Directions - Leave out the pictures, and retype only the lines from the beginning of the material through the line that contains "A waist-up portrait", including both.

*** Material for the task ***

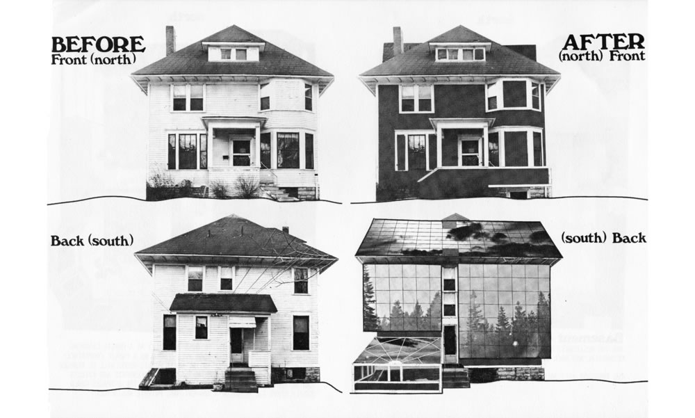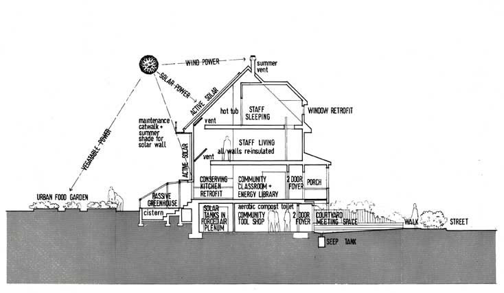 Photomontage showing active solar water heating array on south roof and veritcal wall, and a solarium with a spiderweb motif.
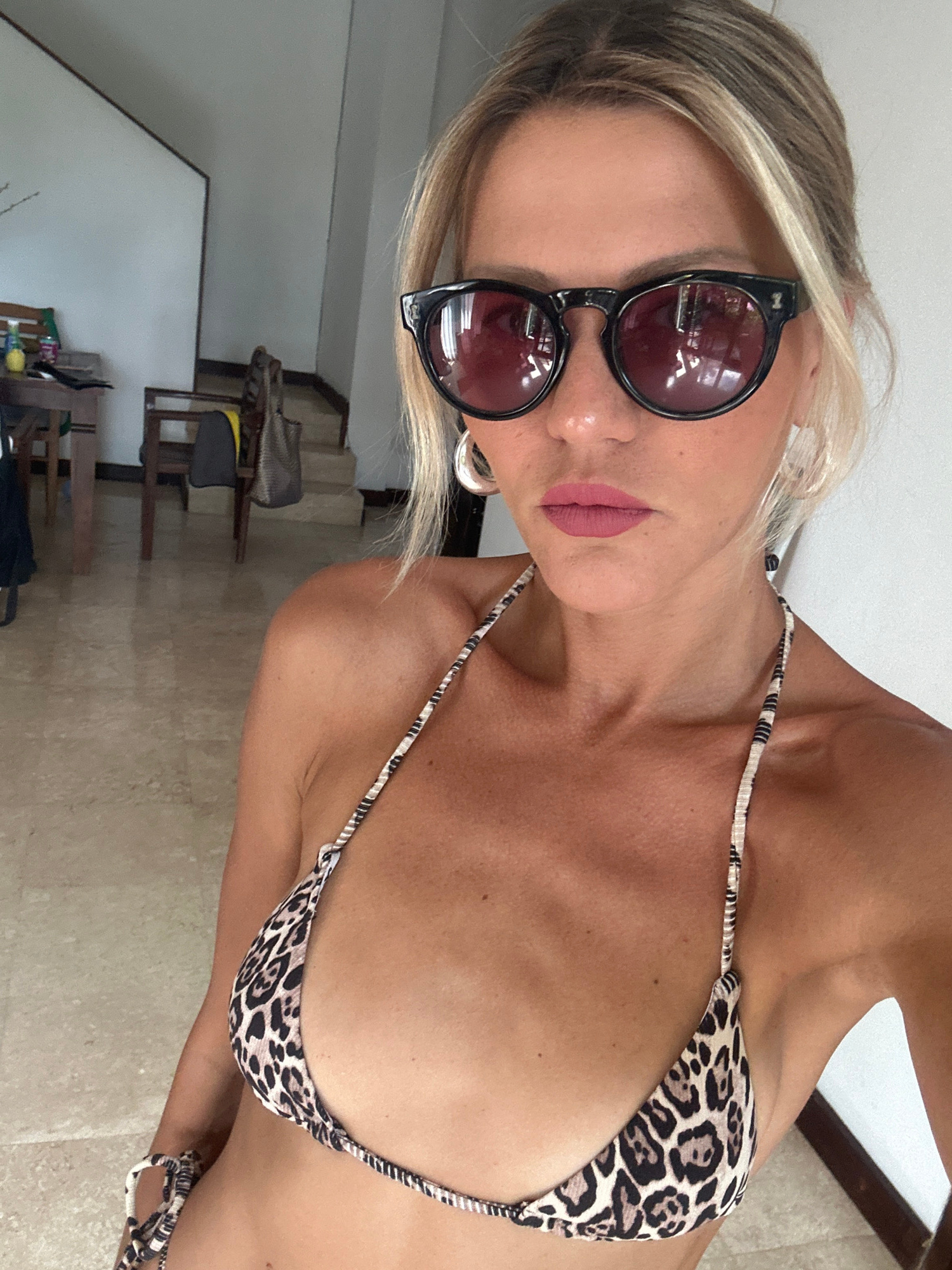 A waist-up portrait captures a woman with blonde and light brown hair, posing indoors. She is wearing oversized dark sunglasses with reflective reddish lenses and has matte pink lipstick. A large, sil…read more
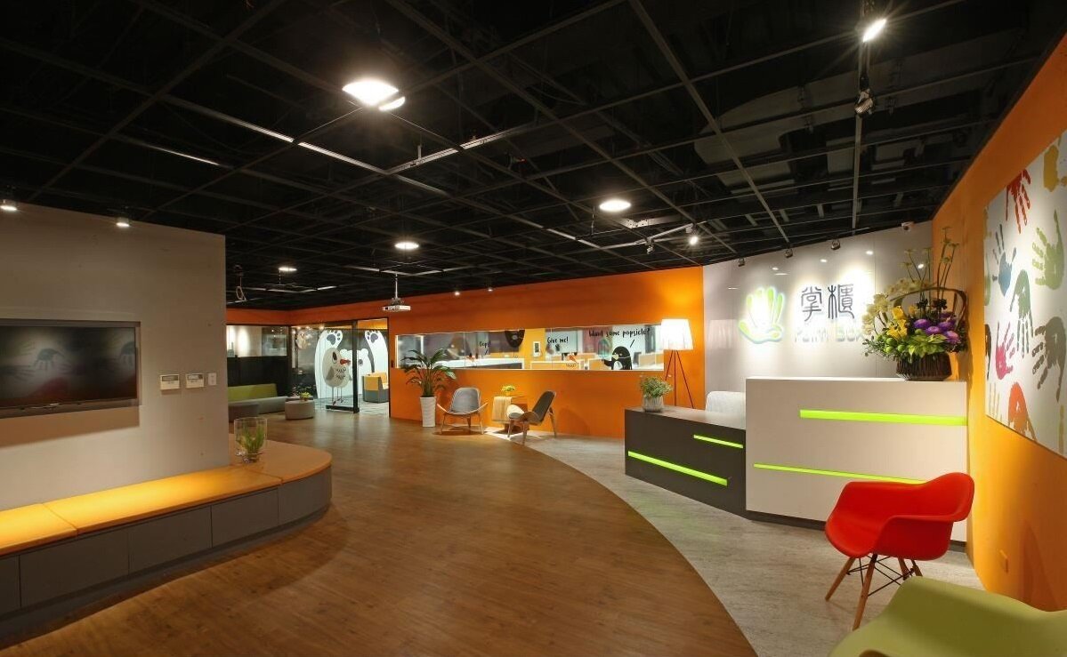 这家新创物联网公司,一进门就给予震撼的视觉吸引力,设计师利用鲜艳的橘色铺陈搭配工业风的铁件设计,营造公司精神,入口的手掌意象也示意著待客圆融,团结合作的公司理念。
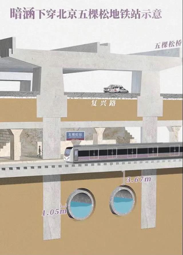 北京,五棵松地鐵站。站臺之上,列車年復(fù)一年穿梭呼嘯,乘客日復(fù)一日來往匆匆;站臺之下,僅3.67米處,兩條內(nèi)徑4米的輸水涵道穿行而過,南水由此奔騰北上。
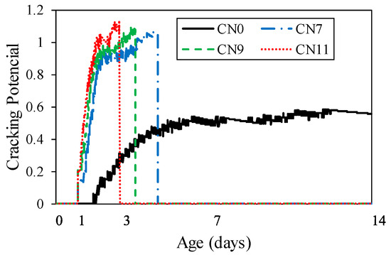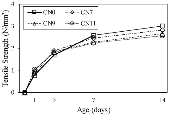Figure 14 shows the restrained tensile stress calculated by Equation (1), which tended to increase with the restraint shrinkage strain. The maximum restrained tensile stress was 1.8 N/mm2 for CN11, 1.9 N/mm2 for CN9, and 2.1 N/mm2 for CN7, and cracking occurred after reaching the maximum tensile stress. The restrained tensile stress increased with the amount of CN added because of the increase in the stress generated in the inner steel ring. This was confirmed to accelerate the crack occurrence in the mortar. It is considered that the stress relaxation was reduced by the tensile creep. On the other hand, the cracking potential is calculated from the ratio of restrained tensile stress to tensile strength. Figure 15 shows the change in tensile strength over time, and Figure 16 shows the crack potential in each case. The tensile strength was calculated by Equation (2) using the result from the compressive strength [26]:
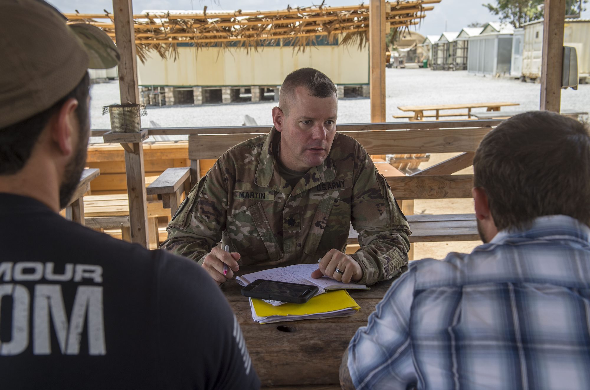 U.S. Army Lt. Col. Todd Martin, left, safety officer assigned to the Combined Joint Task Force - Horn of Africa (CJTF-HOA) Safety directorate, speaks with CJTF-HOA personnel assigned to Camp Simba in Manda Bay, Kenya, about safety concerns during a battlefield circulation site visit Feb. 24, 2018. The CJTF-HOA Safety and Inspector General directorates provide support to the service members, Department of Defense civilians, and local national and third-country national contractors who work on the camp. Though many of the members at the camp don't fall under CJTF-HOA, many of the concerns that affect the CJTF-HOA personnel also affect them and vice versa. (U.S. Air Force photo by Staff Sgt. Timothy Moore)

***

Output -
 Photomontage showing active solar water heating array on south roof and veritcal wall, and a solarium with a spiderweb motif.
 A waist-up portrait captures a woman with blonde and light brown hair, posing indoors. She is wearing oversized dark sunglasses with reflective reddish lenses and has matte pink lipstick. A large, sil…read more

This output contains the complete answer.